To reiterate my position on the original post, the proposal as written seems odd in that it is a partial solution to sugar an operator that many style guides say not to use - and those style guides don't generally say "write guard + fatal error" AFAIK, they say to use x? or ?? or other existing mechanisms. IMO, the introduction of new operators should have a very very high bar, because they directly add "language complexity" that every Swift programmer will be expected to memorize. If this were important to address, it seems that adding a method would be a better way to go for clarity of code, and to avoid putting additional language weight into something we don't really want to encourage use of.

-Chris


(Dave DeLong) #163

I can't speak for the others, but in my code, I use ?! to indicate something that is "more dangerous than ??, but more recoverable than !!"

They go (in terms of recoverability) from:

?? → no recoverability issues. no crashing. no errors. Use the left if possible, otherwise use the right.

?! → some recoverability issues. no crashing, but throws an error defined by the right if the left is nil:

public func ?!<T>(value: T?, error: @autoclosure () -> Error) throws -> T {
    if let value = value { return value }
    throw error()
}

Usage example:

public extension JSON {
    
    public func value<T: JSONInitializable>(for key: String, path: String? = nil) throws -> T {
        let o = try self.object ?! JSONError.wrongKind(self, expected: .object)
        ... use o as a strongly typed JSON object value
    }
}

!! → never recoverable. crashes. uses the right to explain why the left failed.

public func !!<T>(value: T?, error: @autoclosure () -> String) -> T {
    if let value = value { return value }
    fatalError(error())
}

Basically "the more ! it has, the more dangerous it is". ?! is therefore more "dangerous" than ??, but less dangerous than !!. To me, that indicates that ?! would throw an error (which is "more dangerous" than nil coalescing, but less dangerous than crashing).


(Adrian Zubarev) #164

Okay this is your personal preference, but what would speak against two overloads on ?! which can throw or die. I mean this whole proposal is about 'unwrap' lhs (?) or die on rhs (!).

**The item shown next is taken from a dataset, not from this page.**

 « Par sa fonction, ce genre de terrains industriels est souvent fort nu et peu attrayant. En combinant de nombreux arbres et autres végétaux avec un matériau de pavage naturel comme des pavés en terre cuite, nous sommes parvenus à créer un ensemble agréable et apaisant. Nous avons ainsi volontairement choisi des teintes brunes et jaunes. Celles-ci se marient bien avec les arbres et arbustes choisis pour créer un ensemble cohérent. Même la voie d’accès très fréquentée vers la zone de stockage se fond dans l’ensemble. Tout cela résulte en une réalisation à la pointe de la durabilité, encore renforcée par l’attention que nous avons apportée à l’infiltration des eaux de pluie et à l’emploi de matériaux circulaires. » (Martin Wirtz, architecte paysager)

Would be interesting to see the opinions of the other proposal authors in comparison.


(Dave DeLong) #165

That's definitely an option, but personally I would be opposed to having a single operator spelling do two different things depending on the type of the RHS. I think that would violate my goal for a high degree of expressivity in code, because I'd have to stop and introspect types in order to know what's going to happen.


(Tim Vermeulen) #166

This seems to be the cause of a big part of the discussion in this thread. IMO it's not ?? that crashes here, it's fatalError. To me this is like saying that

guard let foo = maybeFoo else { fatalError("an invariant condition has been violated") }

is bad because guard isn't "supposed" to crash.


(Dave DeLong) #167

I can see that line of thinking ("?? is sugar for an if ... else statement"), but I disagree with it, mainly because ?? is an operator, and guard... is not.

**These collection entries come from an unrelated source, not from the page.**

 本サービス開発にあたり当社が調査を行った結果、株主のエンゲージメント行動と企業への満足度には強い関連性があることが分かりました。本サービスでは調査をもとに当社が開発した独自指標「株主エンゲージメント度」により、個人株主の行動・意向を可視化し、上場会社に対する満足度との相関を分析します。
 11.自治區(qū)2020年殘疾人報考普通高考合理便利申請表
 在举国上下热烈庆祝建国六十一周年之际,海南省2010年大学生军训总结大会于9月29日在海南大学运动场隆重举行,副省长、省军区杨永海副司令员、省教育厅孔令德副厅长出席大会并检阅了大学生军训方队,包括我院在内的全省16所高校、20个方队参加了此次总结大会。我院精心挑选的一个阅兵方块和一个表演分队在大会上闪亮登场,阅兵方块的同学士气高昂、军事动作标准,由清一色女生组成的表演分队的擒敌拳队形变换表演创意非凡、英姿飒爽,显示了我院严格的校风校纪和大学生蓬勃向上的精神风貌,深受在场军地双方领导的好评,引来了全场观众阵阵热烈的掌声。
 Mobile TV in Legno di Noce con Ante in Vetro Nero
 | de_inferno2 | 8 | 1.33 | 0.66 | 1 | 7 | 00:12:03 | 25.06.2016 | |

The comparison fails because of Postfix-!, which is also sugar for an if ... else statement, except it crashes:

let foo = maybeFoo!

is equivalent to:

let foo: Foo
if let f = maybeFoo {
    foo = f
} else {
    fatalError()
}

Yet no one seems to have a problem with Postfix-! causing a crash. Why is !! different?


(Adrian Zubarev) #168

But we alread doing that with ?? where one overload returns the rhs optional or the other overload a non-optional rhs. I think ?! would be the natural fit if something like this would be accepted with this proposal.


(Dave DeLong) #169

:point_up:️This is an important point. If we proposal authors had been notified prior to review, we would have revised this, and the name would likely have been changed to the "Unwrap Because" operator, because technically Postfix-! is already "unwrap or die".


(Dave DeLong) #170

But isn't that mainly so we can support chaining?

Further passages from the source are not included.